Je l'ai juste démarré...


----------



## chagregel (13 Mars 2005)

C'était peut être la .7, je ne sais plus  

Pourquoi une réinstalle? Simplement pour enlever les 8 Go qui ne me servent pas sur mon DD (toutes les langues de Mac Os X, Garage Band, les logiciels en version de démo...)


----------



## cyberyoyo (13 Mars 2005)

chagregel a dit:
			
		

> Ecoute cher SMG, il ne faut pas y voir ici de l'antipathie contre toi ok...
> MAis c'est un sujet qui va relater le changement du 12 au 15 pouces, je crois que plus d'un sont ici intéressé, et puis t'es pas obligé de lire et je fais ce que je veux
> 
> 
> ...



J'ai ouvert un sujet sur l'autonomie des PWB 15' alors c'est sur que ton switch m'interresse   

Donc, quand ton nez te dis 1h-1h30  en moins que le 12', ça donne quoi en durée effective ?   

Au niveau bruit, est ce que tu entends un souffle permanent du DD ou alors il est complètement silencieux ?


----------



## chagregel (13 Mars 2005)

Pour l'autonomie, je vais vérifier demain matin, le 12 me permettait de faire Paris-Grenoble (3h) en lisant un divx (luminosité mini, sur le HD, sans Aiport et BT), de bosser le temps restant sur du Word et Excel (mêmes réglages) et il devait rester encore une bonne heure d'autonomie. 

Je prend mon train demain matin (Ah le 6h40 gare de Lyon :love: ).

Pour le bruit, j'ai très rarement entendue le 12 pouces, travaillant essentiellement avec la musique a Donf   donc le 15 c'est pareil pour le moment, Ah tiens, en coupant la musique, j'entend le Pc portable dans la pièce à coté   mais pas le 15 pouces


----------



## Bat-Mac (13 Mars 2005)

chagregel a dit:
			
		

> Ah tiens, en coupant la musique, j'entend le Pc portable dans la pièce à coté   mais pas le 15 pouces



   

Moi, au début, je me demandais même si c'était normal d'entendre aussi peu de bruit...
Et je me demandais si j'allais enfin entendre le son du ventilo ! 
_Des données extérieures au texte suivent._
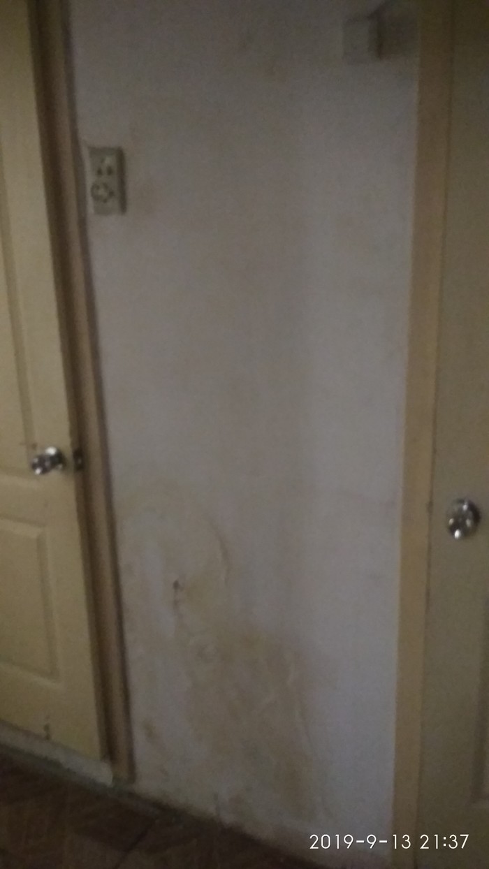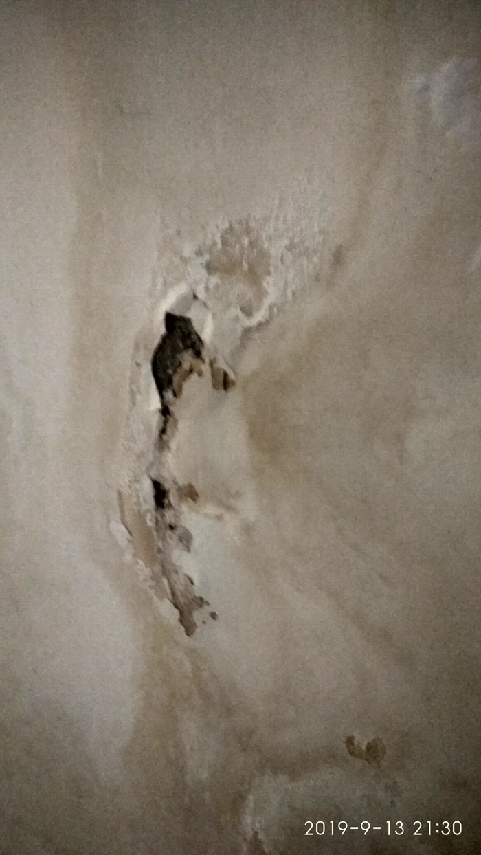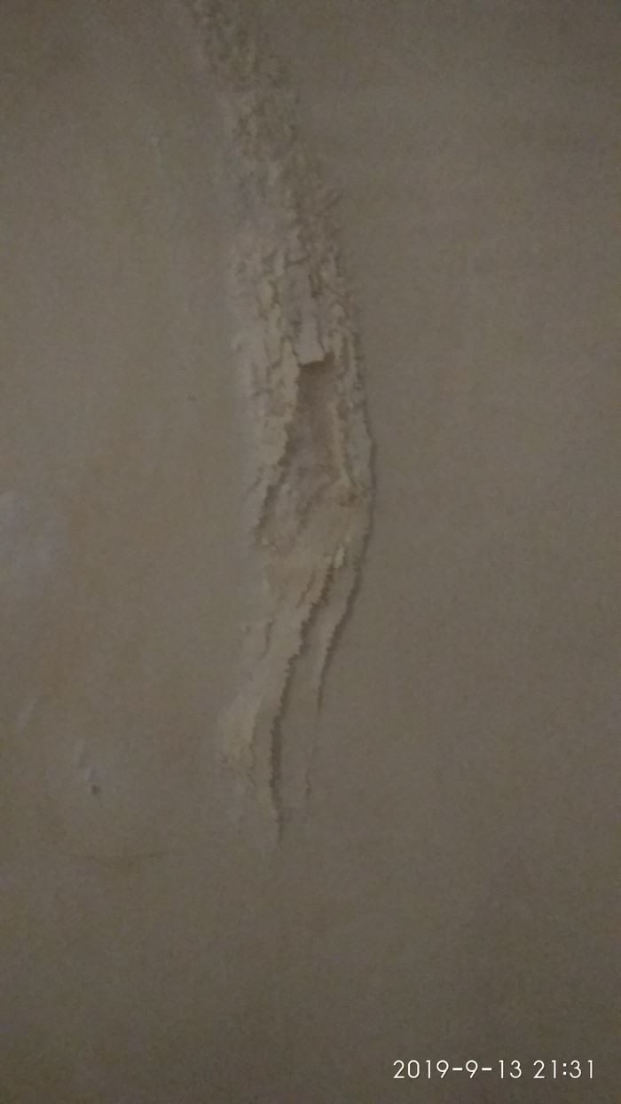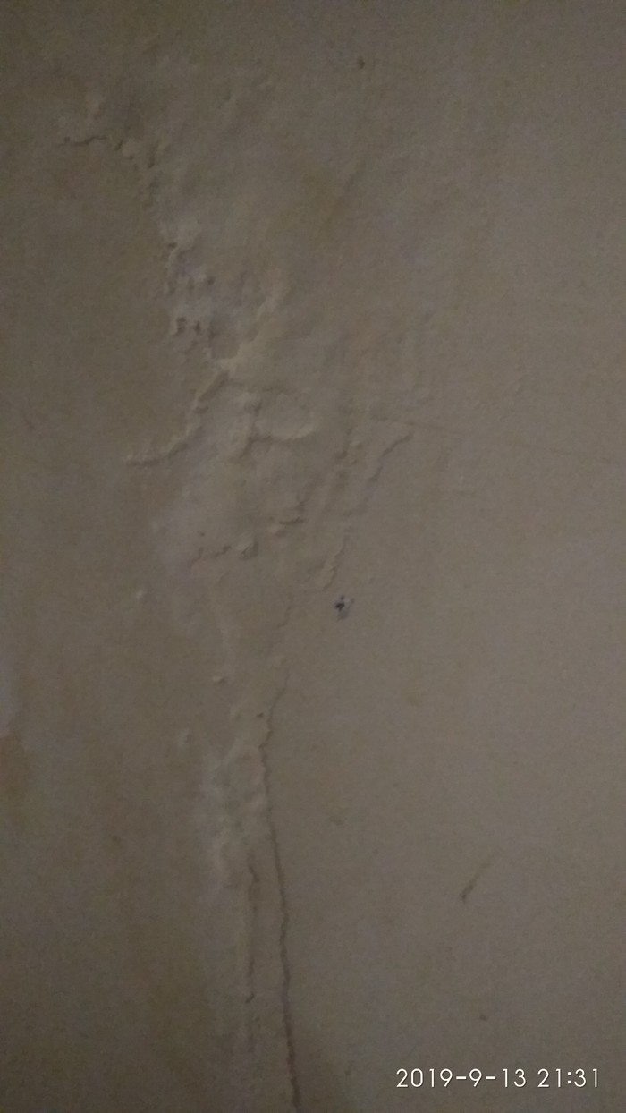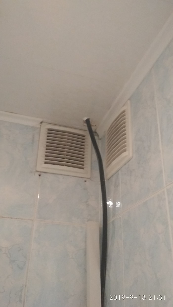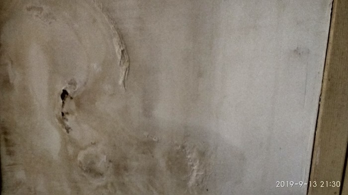 Я заклеил скотчем вытяжку в туалете три года назад, чтобы принудительная вытяжка в ванной не выбрасывала испарение из ванны в туалет. И пол года назад потихоньку началО образовываться то, что видите на фото. Хорошо, что не наклеили обои. Но есть короб стояков.

Sur ma table, quand je branche le DD externe FireWire il semble assourdissant maintenant...


----------



## Bat-Mac (13 Mars 2005)

OUAH ! 100 messages = 3 etoiles !   

Tiens, je vais aller boire un coup pour fêter ça !


----------



## cyberyoyo (13 Mars 2005)

chagregel a dit:
			
		

> Pour l'autonomie, je vais vérifier demain matin, le 12 me permettait de faire Paris-Grenoble (3h) en lisant un divx (luminosité mini, sur le HD, sans Aiport et BT), de bosser le temps restant sur du Word et Excel (mêmes réglages) et il devait rester encore une bonne heure d'autonomie.
> 
> Je prend mon train demain matin (Ah le 6h40 gare de Lyon :love: ).
> 
> Pour le bruit, j'ai très rarement entendue le 12 pouces, travaillant essentiellement avec la musique a Donf   donc le 15 c'est pareil pour le moment, Ah tiens, en coupant la musique, j'entend le Pc portable dans la pièce à coté   mais pas le 15 pouces



Merci, vivement demain soir pour tes impressions


----------



## Avril-VII (13 Mars 2005)

J'hésite toujours entre un 15 et un 12, j'attends la suite avec impatience...


----------



## chagregel (13 Mars 2005)

Lors de mes tests, il ne faut pas oublier que le 12 pouces était une Rev.B (soit un 1ghz) et que le 15 est un dernier modèle (1,5 Ghz...)
Mes prochains achats sont une barrette de 512 ou 1go, un DVD-R externe. La comparaison va être difficile 

Je ne regrette pas pour le moment mais je reste convaincu qu'avec une autre machine (genre iMac G5 ou Powermac) ou bien un écran externe, le 12 pouces est une "meilleure" solution , je ne pouvais simplement plus mettre d'écran externe chez moi (vive les loyers a Paris    ) donc le 15 pouce c'est imposé logiquement!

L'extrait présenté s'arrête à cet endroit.